Seiichiro Mise regressa ao Porto um ano depois de ter estado na cidade, a convite da ONG japonesa Peace Boat. (Foto: Thomas Züger)

Seiichiro Mise tinha dez anos quando, pelas 11h01 do dia 9 de agosto de 1945, o Bockscar – bombardeiro B-29 da Força Aérea do Exército dos Estados Unidos – largou a bomba atómica sobre a cidade japonesa de Nagasaki, matando entre 25 a 75 mil pessoas e colocando praticamente um ponto final na II Guerra Mundial. Mais de 70 anos depois, é essa experiência que o hoje octogenário vai recordar, na primeira pessoa, esta quinta-feira, 11 de outubro, a partir das 17h30, no Salão Nobre da Reitoria da Universidade do Porto, numa iniciativa integrada nas comemorações dos 40 Anos da Geminação entre as cidades do Porto e de Nagasaki.

Foi na sua casa, situada a 3,6 quilómetros do hipocentro da explosão, que Seiichiro viveu a experiência que lhe iria mudar a vida. “Estava a tocar órgão e imitei o som de uma avião B29, o avião que bombardeava as cidades, e o meu avô chateou-se comigo e disse para eu parar de fazer aquele barulho porque podia assustar as pessoas. Eu estava a fechar o órgão quando vi lá fora uma luz muito forte, era a bomba atómica, aquela luz durou cerca de 2 minutos”, recorda. Mas foi apenas uns dias depois, quando visitou a sua escola, que percebeu a dimensão da tragédia: “O que encontrei estava muito para além de qualquer coisa que eu poderia imaginar. Havia pessoas a morrer e outras com queimaduras horríveis a ser levadas em carroças. Alguns gritavam “Água!
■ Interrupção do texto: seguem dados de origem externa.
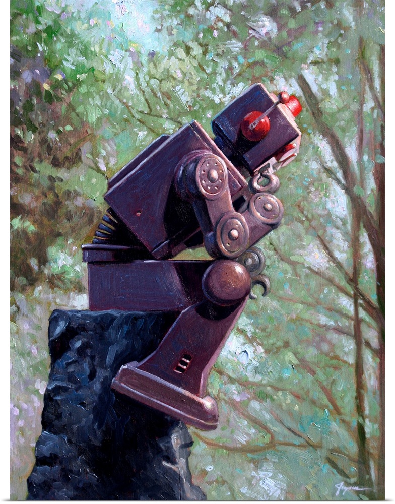 <p>A contemporary painting of a dark gray retro toy robot sitting on a rock pedestal in the iconic thinking positioning.</p>
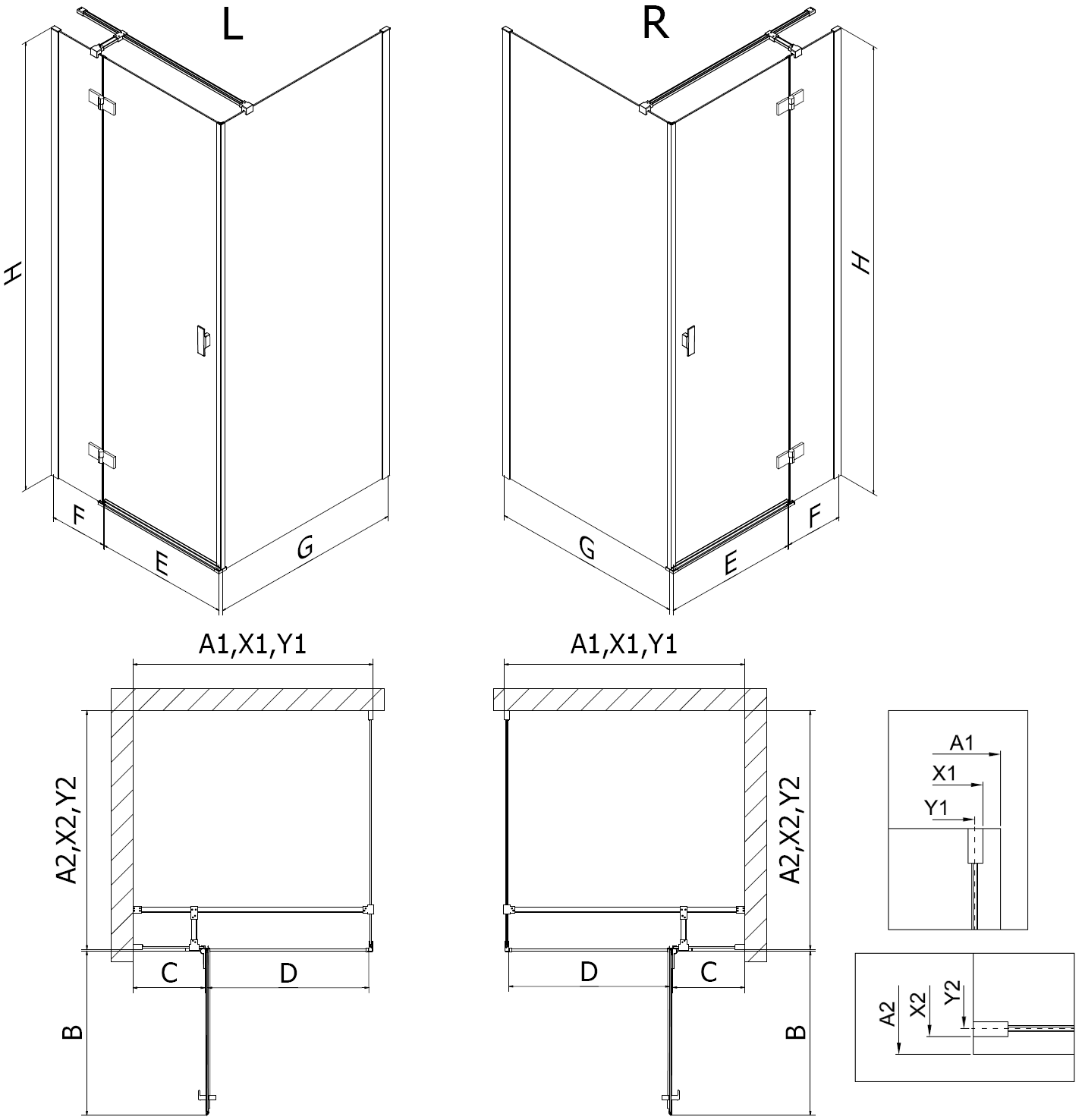 Taille : 75x75 cm (portes gauches 75 cm, paroi 75 cm)
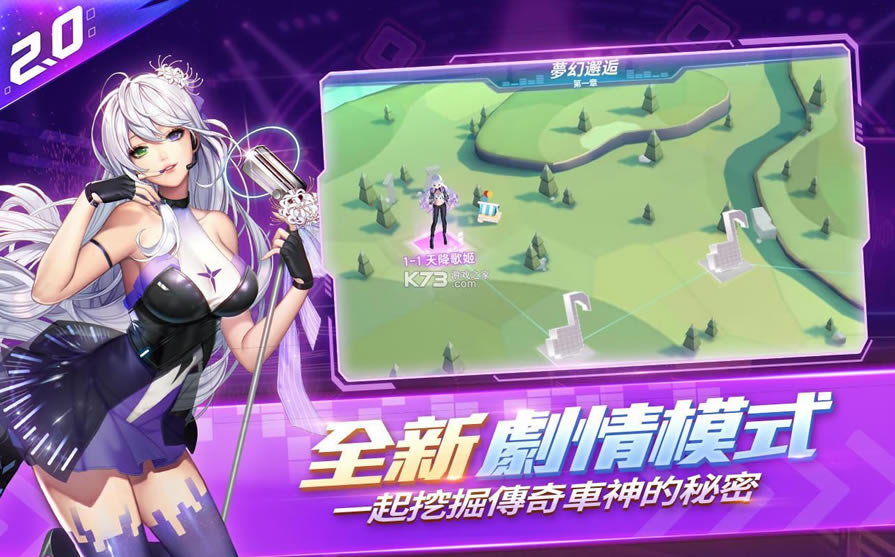 飞车大陆一年一度的QS音乐节盛典开始啦!新剧情拉开序幕,四大车神首次亮相,陆续揭晓飞车大陆不为人知的秘密……盛典现场为车手们准备了全息投影的3D炫酷地图,地图上遍布空间传送点,让你畅游整片大陆!更有四大车神之一、极光动力车神兼知名歌姬镜惊艳登场,全新A车S-追光者、组装车以及迅捷流星在剧情中开放试驾!解锁神秘关卡更可获得永久的限定套装奖励哦!

Dêem-me água!” e outros tinham tantas dores que gritavam: “Matem-me! Apenas matem-me!”.

Entre 25 mil e 75 mil pessoas terão perdido a vida em consequência da bomba de Nagasaki. (Foto: DR)

Esta será apenas uma parte do relato que o hibakusha – nome dado a sobreviventes de ataques com bombas nucleares – tem partilhado pelo mundo fora e que vai agora contar na U.Porto, numa palestra aberta ao público – em japonês com tradução simultânea em português – e que contará com a presença de Nagiko Yokoyama, diretor do Nagazaki National Peace Memorial Hall for the Atomic Bomb Victims. Ao longo de cerca de uma hora e meia, com espaço no final para perguntas por parte do público, pretende-se então consciencializar a audiência para a importância da paz e para os horrores causados pela guerra.

A sessão desta quinta-feira serve  também de “cartão de visita” para  a exposição “Bomba Atómica – Hiroxima e Nagasaki”, produzida pelo Nagasaki National Peace Memorial Hall for the Atomic Bomb Victims, em conjunto com a Câmara Municipal do Porto, e patente ao público no átrio da Câmara Municipal do Porto até 30 de novembro. Por ocasião da inauguração da exposição, no passado dia 2 de outubro, a cidade acolheu uma delegação composta por 55 habitantes de Nagasaki, encabeçada pelo atual governador –  cargo equivalente ao de Presidente da Câmara – da cidade, Tomihisa Taue, e pelo Embaixador do Japão em Lisboa, Hiroshi Azuma.

Recorde-se que, no âmbito do acordo de geminação entre o Porto e Nagasaki, têm sido várias as atividades conjuntas promovidas pelas duas cidades. Entre elas incluem-se a exposição organizada em 2006, subordinada ao tema “Histórias e Tradições do Japão”; o “Projeto Kaki” desenvolvido com as escolas do 1º ciclo do Porto em 2007, e na sequência do qual foi plantada, nos jardins do Palácio de Cristal, uma árvore Kaki descendente de uma outra sobrevivente ao ataque nuclear da II Guerra Mundial; ou a Japan Week que, em 2010, reuniu no Porto milhares de participantes em torno da cultura japonesa.